やってることは同じですね。ちなみに、写真は書き直しがしにくい(即修正しにくい)というデメリットはあります。

あとがき

ざっくりまとめると、以下になります。

  • 繰り返す回数を増やして覚えよう
  • 特に新規の事項は翌日に復習しよう
  • 覚えられていない買った事項は付箋を貼って翌日に復習しよう
  • 覚えにくい事項は別途切り出し(別のなにかに書き出し)て毎日見よう

範囲は広く大変ですので1周目は大変ですが、そこを乗り切れれば後は脳に刷り込む作業の繰り返しです。1周目に比べればグッと楽になりますので、ぜひ、そこまでたどり着きましょう。

以降はおまけの自分語りです。読まなくて大丈夫です。

方法4 : (参考)Ankiアプリにぶちこむ

この方法はオススメはしにくいですが、私がやっていた方法です。

実は、この記事でオススメ繰り返しの手法も、毎日見て覚える方法も、第二種電気工事士試験に対しては、私はやってませんでした。(他の資格試験ではやってみて実際に良かったでんす。これは本当。)

私が使ったのは、 Anki というアプリでした。

https://apps.ankiweb.net/

フラッシュカード(裏表に書き込む単語帳のような物)のアプリです。覚えたい情報をこのアプリに登録しておくと、忘却曲線に従って、いい感じのタイミングで思い出させてくれるアプリです。マニアック過ぎるので、アプリの説明はこの程度に留めておきます。

全問題、全覚えたい事項を、スクショを撮ってぶちこみました。問題には手書きのメモも書き込みました。復習タイミングは一切考えず、すべて Anki に任せました。

表面には書き込みの無い問題を、裏面は以下のようにゴリゴリに書き込んだスクショを貼り付けました。(そのまま使えないように部分的に切り出した画像にしておきます。)

書き込みのある過去問
書き込みのある過去問

このカードを作る労力が結構必要でして、とてもオススメはできないなと思いました。あと、アプリの使い方をわざわざ覚えるのも無駄が多いですね。
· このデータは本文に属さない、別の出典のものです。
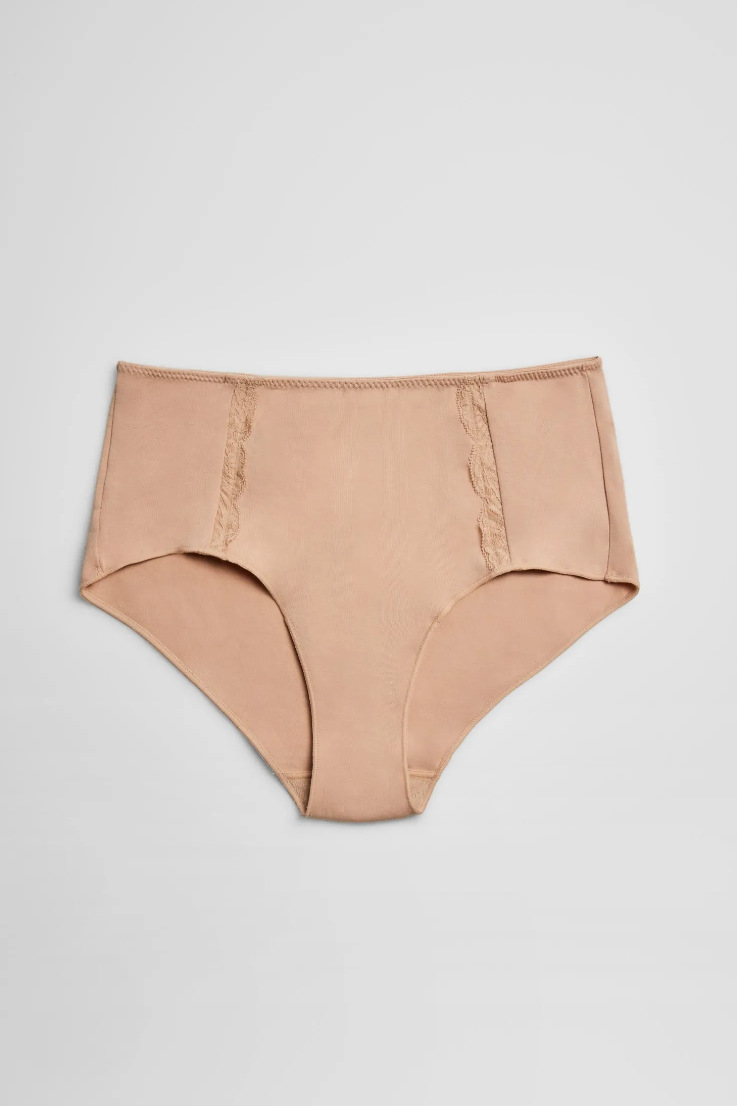 Braga alta en tejido Cotton Nature. Las fibras naturales de este material aportan un extra de suavidad a la prenda. Sus acabados con costuras planas invisibles evitan las marcas y favorecen una mayor adaptabilidad y un ajuste ergonómico perfecto. Modelo básico de gran confort pensado para el día a día. Decoradas con blonda en los laterales. Confeccionadas con material antialergénico.
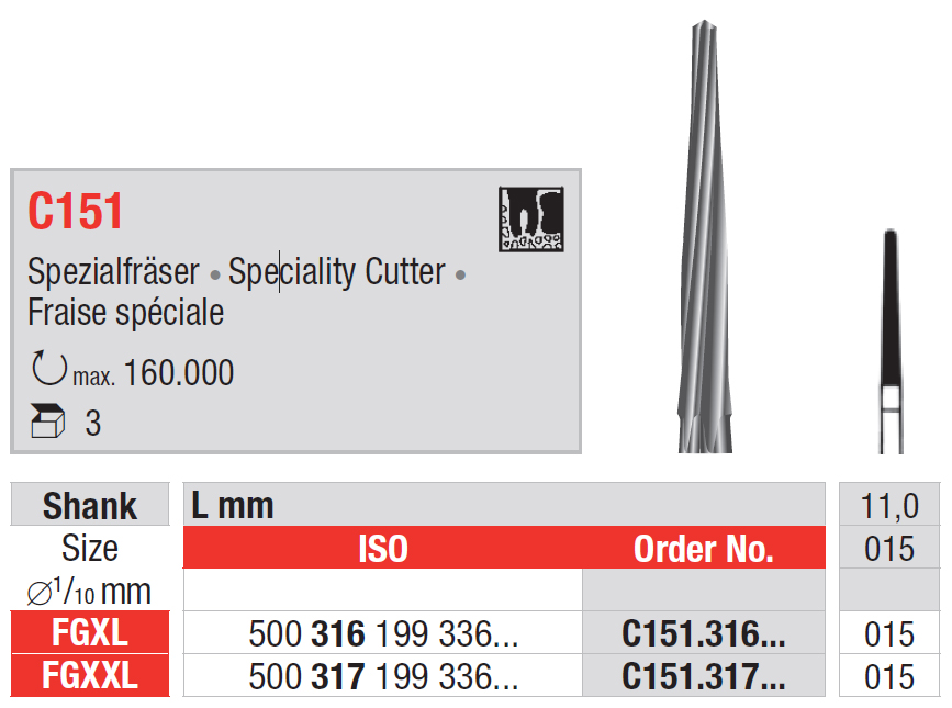 066700060 Chirurgické frézy FGXXL C151.317.015
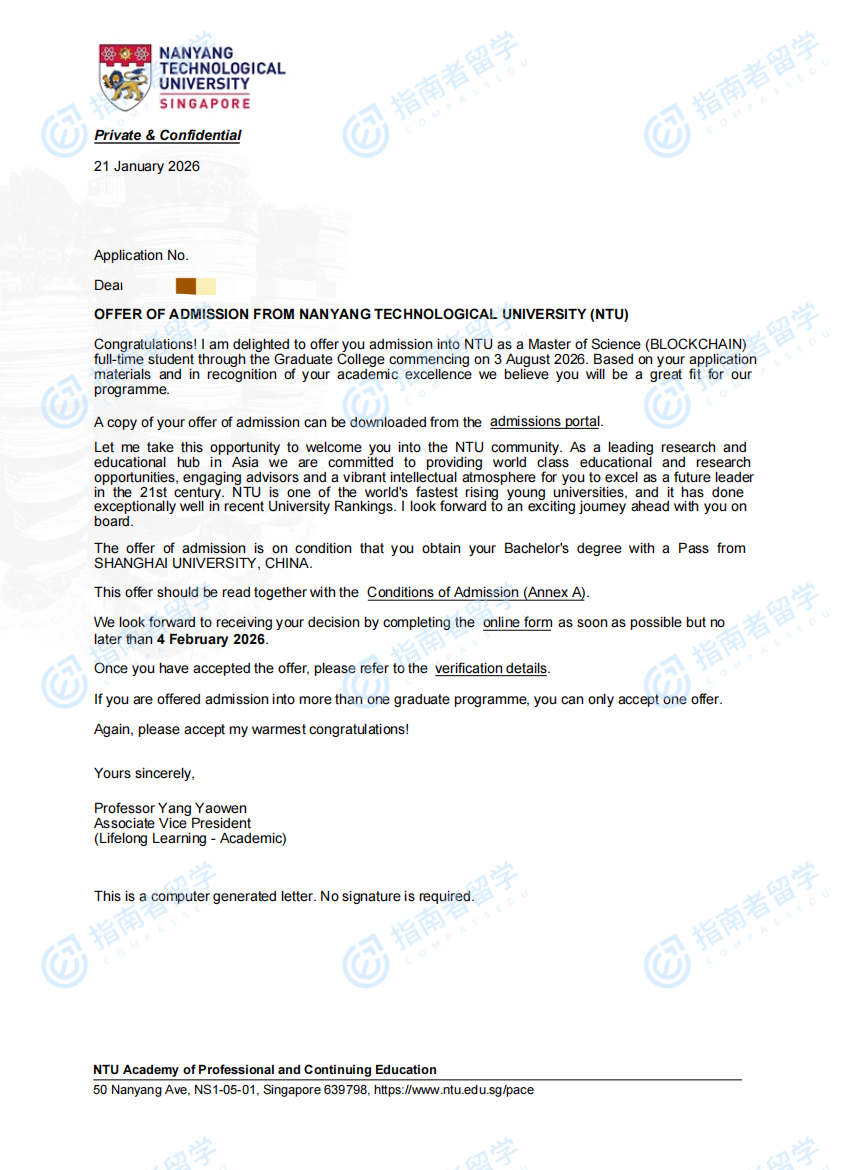 南洋理工大學(xué)區(qū)塊鏈理學(xué)碩士研究生offer一枚
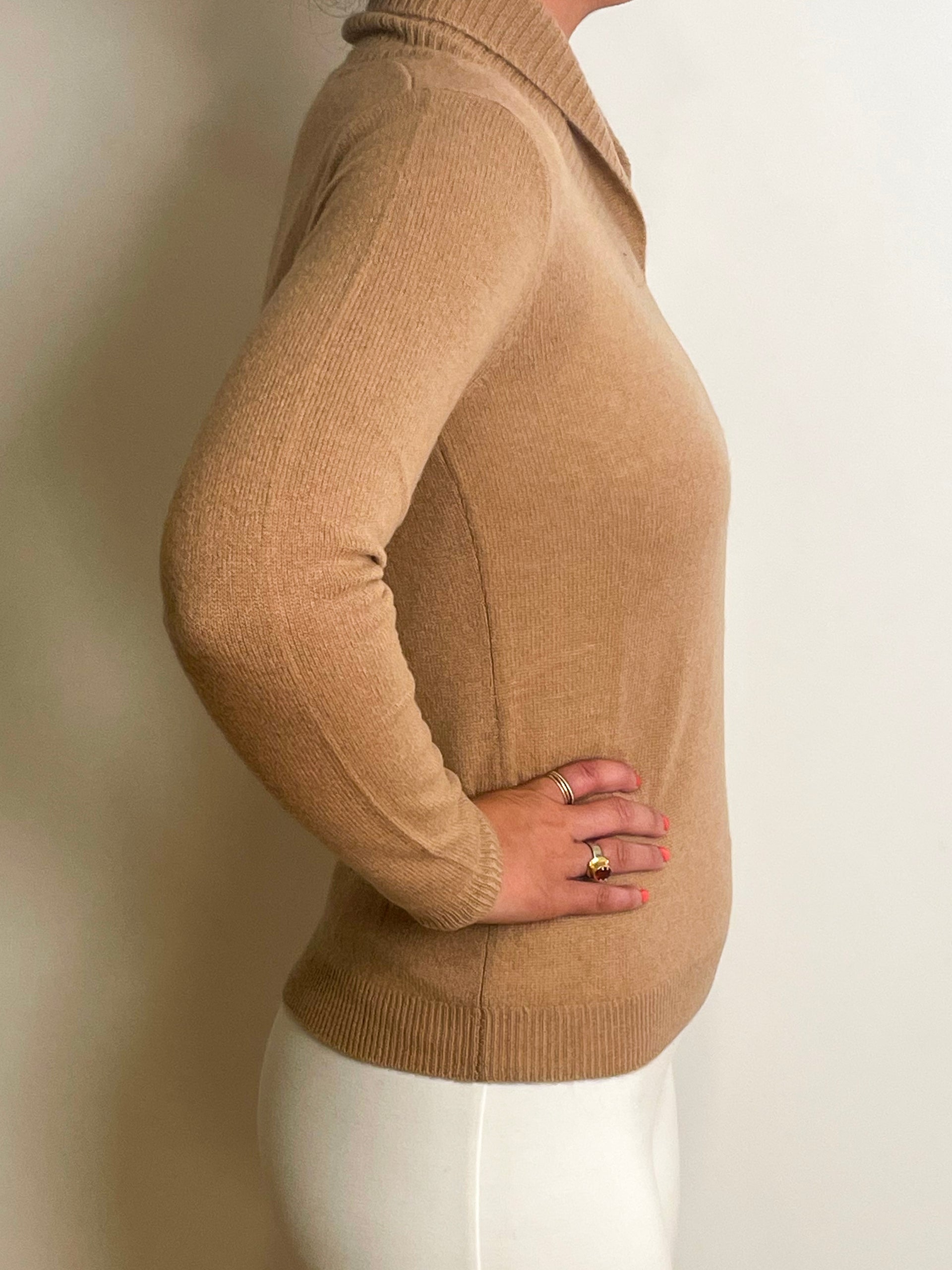 Ribbed Collar Pullover - Camel

ただ、 Anki は何でも覚えられて現在最強の方法だと思ってます。

英語学習系の書籍では紹介されることがありますね。興味のある方に向けにて一応掲載しておきます。

何度も書きますが、この方法をオススメはしません。万人には勧められないマニアックな方法と自覚しています。まあ、アナログな方法でも十二分に効率よく勉強できますよ。マジで。